It changed, over time. It grew out so that it became modellable demographics. In the early days, those demographics were 40 to 60. I know that sounds old and that surprises you, but in the wine curve of consumption, for wine drinkers – and I did this analysis way back – people don’t really start drinking wine, because of wine, until they are 30. Before 30, they will drink it, but it’s not necessarily because it’s wine. At 30, they start drinking wine because wine is something that you have with dinner, you have with friends. From the age of 30 to 40, the wine consumption doubles, per person. From the age of 40 to 50, it doubles again and from the age of 50 to 60, it doubles again. Then it starts to drop off because of health reasons.
The people who drink enough wine are, typically, in the age group of 40 to 60. What most wine clubs were doing was that they had databases of people aged 55 to 70. What Naked had was databases of people aged 40 to 60. What we realized was that a lot of people on that database either owned their own business or were in senior management or entrepreneurs themselves. What they really appreciated was the intelligence the underpinned the model that made them feel good about it.
From a wine concept, we had people who knew nothing about wine, through to people that were wine experts. The reason we could do that was because our wine makers became the educational conversation point for all of these people.
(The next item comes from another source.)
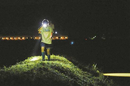 驻村学生们夜间巡塘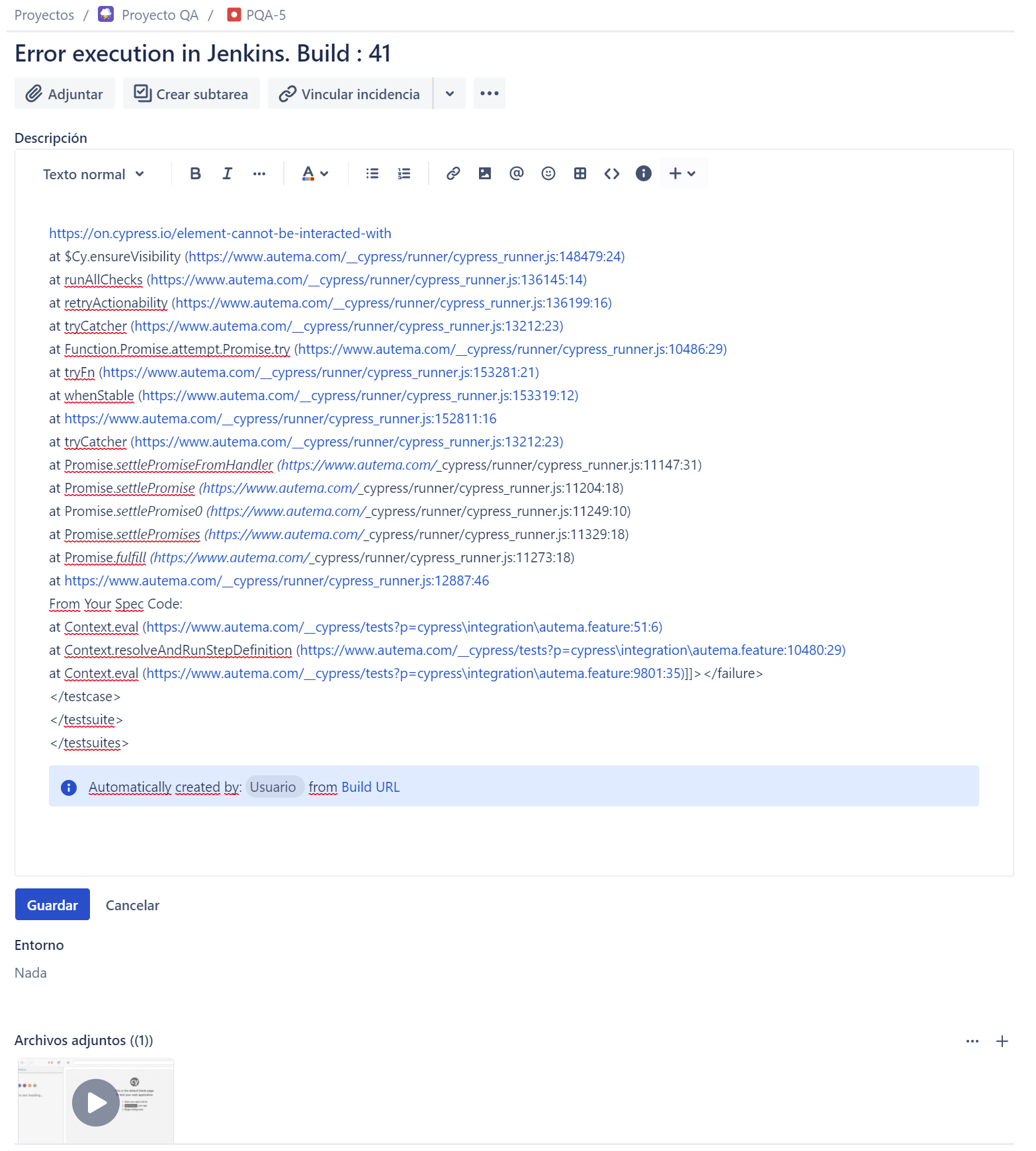 jiraUploadAttachment file: workspace + '/cypress/videos/autema.feature.mp4', idOrKey: response.data.key

A wine nerd could buy from Naked and say, I can actually talk to Sam Plunkett through the message system and Sam Plunkett could converse with that person. Another person, who had never understood wine, would write to Sam Plunkett and say, I like your wine; I don’t know why. He would write back and say, the reason you like it is because I made it in this way and what you are liking about it is this, this and this. They would think that was amazing.
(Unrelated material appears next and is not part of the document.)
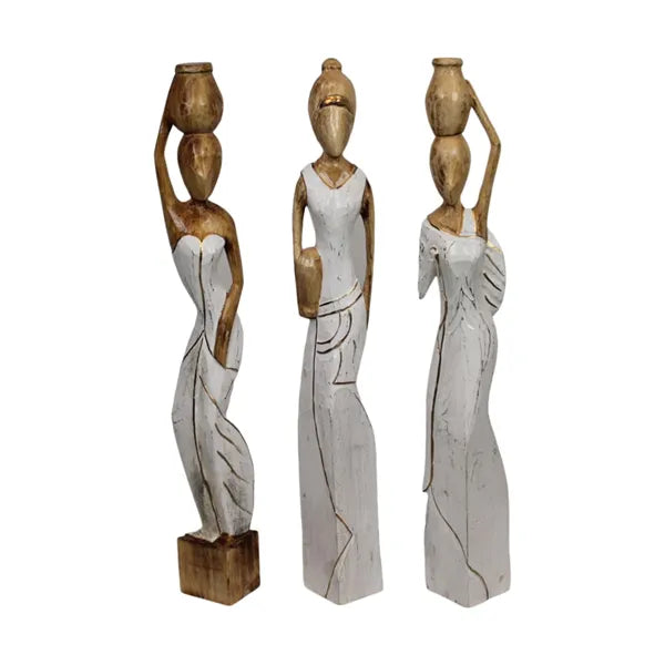 Een ode aan elegantie traditie en vakmanschap Beeldenset Grace bestaat uit drie unieke sculpturen met de hand vervaardigd uit albizia hout De sierlijke vormen zachte lijnen en subtiele whitewash afwerking geven de beelden een verfijnde uitstraling die perfect past in een warm werelds interieur Elke vrouw draagt trots haar kruik en vertelt zonder woorden een verhaal van kracht en gratieMet een hoogte van 78 cm 13 x 10 x 78 cm per stuk zijn het echte showstoppers Op de vloer op een sidetable of in een nis Tijdloos karaktervol en vol betekenis Een stijlvolle toevoeging waar je elke dag opnieuw naar blijft kijken

I think that Naked talks to that whole range of consumer but, typically, it was in that age group. There is one other thing. At the time, wine was being sold predominantly to a male audience. I think the split was a 60/40 audience. Naked changed that to 50/50, straight out, from day one.
Australia and the UK were very, very similar; almost identical markets. Both markets are dominated by retailers trying to play a price war. The difference between the UK and Australia is because Australia is a producing company but consumers in both markets are very, very similar. The US market is a very different beast altogether. It’s almost the complete opposite to these two countries. In Australia and the UK, you have this market consolidation, at the retail end, where the big powerful players are. As a result, the producers have no power and it’s difficult. In the US, it’s the complete opposite. It’s all consolidated at the producer end and that’s because of the three-tier system and the retail end is completely fragmented. Nobody owns the retail end; they all own the producer end.
For the same reason, wine makers are getting a bad deal. When you get a mismatch of power at either end, wine makers and customers get a bad deal. Naked works in both countries, but it just took us a while to work out what we thought worked in the UK and Australia, wasn’t going to work in the US. The big thing is, in the UK and Australia, we no longer determine the quality of the wine, based on its price, because we live in markets where price is used to win market wars. We know that we can go out and get an amazing deal on a wine and it doesn’t mean that the wine is bad; it just means it is an amazing deal.